Parsing Unrestricted languages is not NP-complete, it is much harder.

It can be easily shown (simulation of Turing machines by grammars gives an immediate reduction of the halting problem to parsing of general languages) that the problem is not computable.

Unless anybody objects, I'll correct it.

--UrsusArctos 22:37, 19 Oct 2004 (UTC)

Be careful with the meaning of the word "parse", though. You could argue that you don't have to be able to decide a language in order to parse it, and consequently even unrestricted languages would be "parseable" in a sense, i.e. the sense that if there was a parse, you would get it eventually. I'm not sure there's any general agreement on whether this would count as "parsing" or not, so I think we should word it carefully. Otherwise yeah, the NP-complete thing is incorrect. Cadr 12:15, 20 Oct 2004 (UTC)

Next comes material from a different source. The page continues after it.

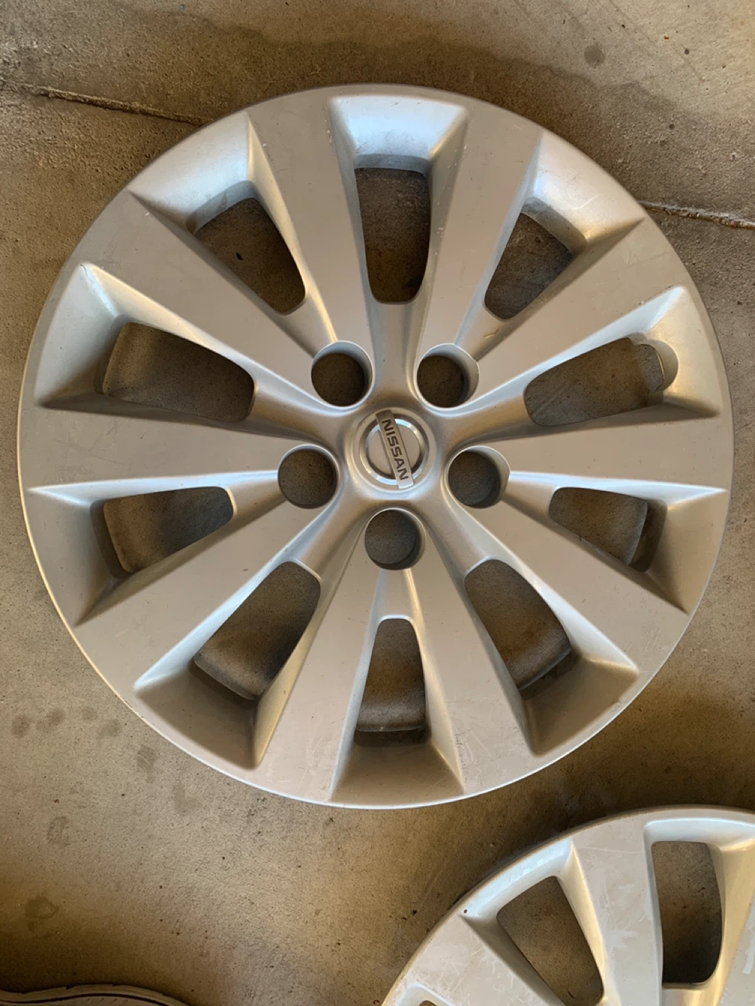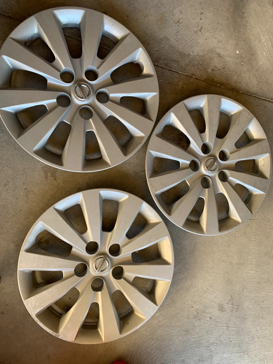 Selling a set of three silver Nissan 15”hubcaps. They're in used condition, showing some minor scuffs from normal wear. These are direct replacements for many Nissan models was installed on Sentra

[edit] Turning the recognizer into a parser

Everyone describes Earley's algorithm as a parser, but no-one ever bothers to explain how you turn the recognizer into a parser. My understanding is that you modify the completer to record a backpointer.. but exactly what item gets the backpointer and what it is to point to is still kind of a mystery to me. I believe that the new item you are creating should receive the backpointer and it should point to the item you are copying (to advance the dot in). However this is not sufficient, you also need some mechanism to inherit backpointers, otherwise you end up with a disconnected tree. Can anyone clarify this process?

That would be very useful! Unfortunately, I haven't found any description about that yet... --ThSoft 21:39, 14 September 2006 (UTC)

[edit] Error in the algorithm description?

I believe that:

  • Prediction: For every state in S(k) of the form (X → α • Y β, j) (where j is the origin position as above), add (Y → • γ, j+1) to S(k) for every production with Y on the left-hand side.

Should be changed to:

  • Prediction: For every state in S(k) of the form (X → α • Y β, j) (where j is the origin position as above), add (Y → • γ, k) to S(k) for every production with Y on the left-hand side.

This is a change of "j+1" to "k". See the example. —Preceding unsigned comment added by 87.116.85.20 (talk) 17:14, 4 December 2007 (UTC)